→ **EXERCISE**
Where the material below has a line containing "胡公益院長聽完介紹后,對這款綠色環(huán)保的可食用淀粉吸管稱贊連連。", start repeating exactly, and keep going through the line containing "Conteúdo da Embalagem: 1", with no other lines.

→ **RECORD EXCERPTS**
▬▬▬

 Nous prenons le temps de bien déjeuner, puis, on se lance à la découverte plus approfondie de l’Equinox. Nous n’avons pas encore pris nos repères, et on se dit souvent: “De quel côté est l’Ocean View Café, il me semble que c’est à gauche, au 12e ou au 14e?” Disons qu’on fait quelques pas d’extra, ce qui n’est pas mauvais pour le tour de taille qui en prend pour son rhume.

▬▬▬

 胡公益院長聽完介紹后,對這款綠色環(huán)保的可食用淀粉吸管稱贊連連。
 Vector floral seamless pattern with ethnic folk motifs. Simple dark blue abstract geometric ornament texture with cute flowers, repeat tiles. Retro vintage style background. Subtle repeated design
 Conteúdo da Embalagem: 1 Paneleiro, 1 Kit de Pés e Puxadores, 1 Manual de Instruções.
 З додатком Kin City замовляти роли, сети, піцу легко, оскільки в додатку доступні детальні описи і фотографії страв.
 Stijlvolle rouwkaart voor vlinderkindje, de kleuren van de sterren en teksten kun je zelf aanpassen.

▬▬▬

→ **TASK RESPONSE**
 胡公益院長聽完介紹后,對這款綠色環(huán)保的可食用淀粉吸管稱贊連連。
 Vector floral seamless pattern with ethnic folk motifs. Simple dark blue abstract geometric ornament texture with cute flowers, repeat tiles. Retro vintage style background. Subtle repeated design
 Conteúdo da Embalagem: 1 Paneleiro, 1 Kit de Pés e Puxadores, 1 Manual de Instruções.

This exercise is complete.